As curious onlookers and media outlets looked on, soil samples were taken from the driveway based on a man's claim that he saw a body buried there 35 years ago - the same night that Teamsters boss Jimmy Hoffa went missing.

Roseville Police Chief James Berlin said that the search has been a bust so far.

"Kind of like you I watch TV too and, you know, on TV they always get that evidence cool just like that. So, yeah, we were kinda hoping that when we brought something up there would be something very evident there ... that's not the case," Berlin told reporters gathered outside the home on Florida Street, near 12 Mile and Gratiot.
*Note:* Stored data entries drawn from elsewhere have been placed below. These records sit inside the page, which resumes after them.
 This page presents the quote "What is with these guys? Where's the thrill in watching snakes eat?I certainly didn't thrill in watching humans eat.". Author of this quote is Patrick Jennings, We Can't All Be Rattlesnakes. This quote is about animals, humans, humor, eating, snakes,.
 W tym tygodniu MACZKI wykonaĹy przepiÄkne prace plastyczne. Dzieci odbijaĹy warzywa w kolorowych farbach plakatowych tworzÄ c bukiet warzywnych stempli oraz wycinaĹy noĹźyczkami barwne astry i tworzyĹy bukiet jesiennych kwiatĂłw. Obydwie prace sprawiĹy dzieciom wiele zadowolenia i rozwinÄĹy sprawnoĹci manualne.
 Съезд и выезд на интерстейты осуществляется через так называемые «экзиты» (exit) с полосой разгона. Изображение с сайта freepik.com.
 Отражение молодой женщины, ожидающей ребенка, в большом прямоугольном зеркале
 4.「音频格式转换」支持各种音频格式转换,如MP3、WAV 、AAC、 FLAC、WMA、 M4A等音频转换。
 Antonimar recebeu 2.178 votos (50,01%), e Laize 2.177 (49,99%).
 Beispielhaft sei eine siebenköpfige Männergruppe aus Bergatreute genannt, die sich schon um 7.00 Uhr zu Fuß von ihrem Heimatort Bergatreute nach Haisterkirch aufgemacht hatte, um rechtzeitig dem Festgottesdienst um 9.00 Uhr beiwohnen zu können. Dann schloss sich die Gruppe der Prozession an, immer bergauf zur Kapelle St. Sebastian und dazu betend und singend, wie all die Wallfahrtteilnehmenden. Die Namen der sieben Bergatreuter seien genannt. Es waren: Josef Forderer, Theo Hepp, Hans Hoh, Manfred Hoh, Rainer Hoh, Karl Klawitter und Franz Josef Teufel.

On Friday, the State Department of Environmental Equality dug six feet down and pulled out two tubes of dirt and clay after a ground penetrating radar detected a shift in the soil beneath the driveway last week.

CBS Chicago reports that the soil samples will be sent to a forensic anthropologist at Michigan State University where they will be tested for human decomposition. Results are not expected back until Monday.

Scott Burnstein, a local mob expert and author of "Motor City Mafia," told the station that the area in and around Roseville may have been a hotbed for mob activity during Hoffa's era but that it is highly unlikely that Hoffa's remains were buried. Many believe that his body was destroyed.

The FBI refused to comment on the dig.

Hoffa was last seen July 30, 1975 outside of a restaurant in Oakland County, Mich. CBS Chicago reports that sources say the government has spent hundreds of thousands of dollars in the decades-long hunt for Hoffa including a search beneath a swimming pool and at a Milford horse farm.